The highly anticipated macroeconomic double headline day has finally arrived, and the results did not disappoint. Firstly, the CPI data came in much lower than expected, with core CPI increasing by only 0.16% month-on-month (the lowest level since August 2021), well below the market expectation of 0.3%. The “super core CPI” even showed negative growth, while service expenditures declined, commodity prices remained stable, and housing inflation rose but still remained within manageable levels. Following the CPI release, Wall Street economists quickly revised down their PCE forecast from 2.8% to 2.6%, moving in the right direction towards the long-term target of the Federal Reserve.
The macro markets reacted strongly to the data, with a steep rally in U.S. Treasury bonds as the 2-year yield dropped significantly by 17 basis points. Pricing reflected expectations of a rate cut at the December FOMC meeting, with a spike of up to 51 basis points. The stock market also experienced significant volatility, with both the SPX and Nasdaq indices rising by 1.5% as the market anticipated a dovish stance at the FOMC meeting at 2 pm, reaching new highs.
Interestingly, the initial FOMC statement and dot plot brought some hawkish surprises, as the latest Fed forecasts showed only one rate cut in 2024, down from the previously predicted three cuts. Additionally, the forecast for core PCE inflation at the end of the year was 2.8%, higher than the previous forecast of 2.6%.

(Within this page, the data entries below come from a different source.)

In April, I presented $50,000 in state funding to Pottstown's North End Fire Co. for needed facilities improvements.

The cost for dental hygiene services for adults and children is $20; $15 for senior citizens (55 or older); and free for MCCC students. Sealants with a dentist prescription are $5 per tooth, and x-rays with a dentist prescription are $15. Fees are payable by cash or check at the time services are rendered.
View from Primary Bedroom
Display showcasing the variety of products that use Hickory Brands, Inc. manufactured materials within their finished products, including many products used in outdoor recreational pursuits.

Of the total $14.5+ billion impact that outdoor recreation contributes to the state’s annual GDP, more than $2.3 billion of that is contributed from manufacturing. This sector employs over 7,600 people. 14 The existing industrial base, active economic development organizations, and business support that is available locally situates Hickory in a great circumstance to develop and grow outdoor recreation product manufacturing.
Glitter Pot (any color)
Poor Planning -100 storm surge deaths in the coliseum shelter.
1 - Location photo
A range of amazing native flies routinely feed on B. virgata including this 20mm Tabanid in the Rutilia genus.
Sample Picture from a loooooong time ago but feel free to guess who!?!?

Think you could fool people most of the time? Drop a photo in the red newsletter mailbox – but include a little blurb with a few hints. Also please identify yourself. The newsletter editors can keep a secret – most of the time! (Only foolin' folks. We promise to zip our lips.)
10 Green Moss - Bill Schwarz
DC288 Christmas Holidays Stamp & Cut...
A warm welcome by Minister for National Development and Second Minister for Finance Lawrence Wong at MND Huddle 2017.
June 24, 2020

Naturally, Chairman Powell spent most of the press conference trying to steer the narrative back towards a dovish stance, clearly attempting to downplay the significance of the official forecasts. Powell even stated that “most” officials did not factor in the lower-than-expected CPI data into their forecasts, suggesting that these predictions were somewhat outdated, showing a clever response.
Furthermore, Powell pointed out that the job market had returned to a level comparable to pre-pandemic times, with signs of normalization in job vacancies, quit rates, and labor supply recovery. Economically, the Fed believes that growth will continue at a robust pace, with officials seeing “some of the things they wanted to see, namely cooling demand.” Finally, he emphasized that the Fed is monitoring downside risks and hopes to prioritize achieving an economic soft landing.

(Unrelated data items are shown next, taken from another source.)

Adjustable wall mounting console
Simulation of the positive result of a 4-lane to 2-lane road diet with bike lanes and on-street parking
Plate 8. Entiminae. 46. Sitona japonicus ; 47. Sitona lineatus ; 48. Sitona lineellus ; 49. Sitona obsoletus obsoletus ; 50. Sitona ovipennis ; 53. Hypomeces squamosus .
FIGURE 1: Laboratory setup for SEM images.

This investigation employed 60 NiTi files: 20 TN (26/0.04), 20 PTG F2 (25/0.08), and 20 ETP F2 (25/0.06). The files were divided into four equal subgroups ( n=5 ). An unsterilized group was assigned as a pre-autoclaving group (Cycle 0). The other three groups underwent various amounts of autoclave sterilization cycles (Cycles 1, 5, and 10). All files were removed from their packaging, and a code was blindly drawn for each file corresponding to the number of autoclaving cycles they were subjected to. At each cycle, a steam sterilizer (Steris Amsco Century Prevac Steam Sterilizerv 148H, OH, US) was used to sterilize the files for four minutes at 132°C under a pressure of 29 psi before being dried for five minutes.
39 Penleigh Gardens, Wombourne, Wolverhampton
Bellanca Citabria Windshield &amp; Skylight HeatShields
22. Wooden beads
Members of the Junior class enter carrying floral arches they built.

In summary, Bloomberg noted that Powell mentioned inflation 91 times, while employment market was only mentioned 37 times, indicating that price pressures remain the primary focus. The stock market followed suit, deciding to refocus on the earlier CPI data, with the SPX index closing near 5,438 points, approaching historic highs. The 2-year and 10-year U.S. Treasury yields closed around 4.70% and 4.3% respectively, both hitting weekly lows. The SPX index is currently on its second-longest streak of consecutive records with less than a 2% decline, poised to set a new record in just one more month!

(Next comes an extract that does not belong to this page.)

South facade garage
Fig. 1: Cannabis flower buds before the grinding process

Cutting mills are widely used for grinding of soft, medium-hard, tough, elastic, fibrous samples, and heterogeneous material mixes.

Despite the overall strength in the macro environment, cryptocurrency prices struggled throughout the week. The market was heavily long, and questions arose about how much of the inflow of funds since the beginning of the year was for accumulating coins rather than for relative value or basis trading, leading to BTC’s struggle to break through $70,000. ETH also saw an 8% decline this week, mainly due to the fading stimulus from ETF approvals and ongoing competition from L2 solutions and declining transaction fees. The technical outlook appears challenging at the moment, and if sentiment in the stock market reverses belatedly, cryptocurrencies could easily be impacted.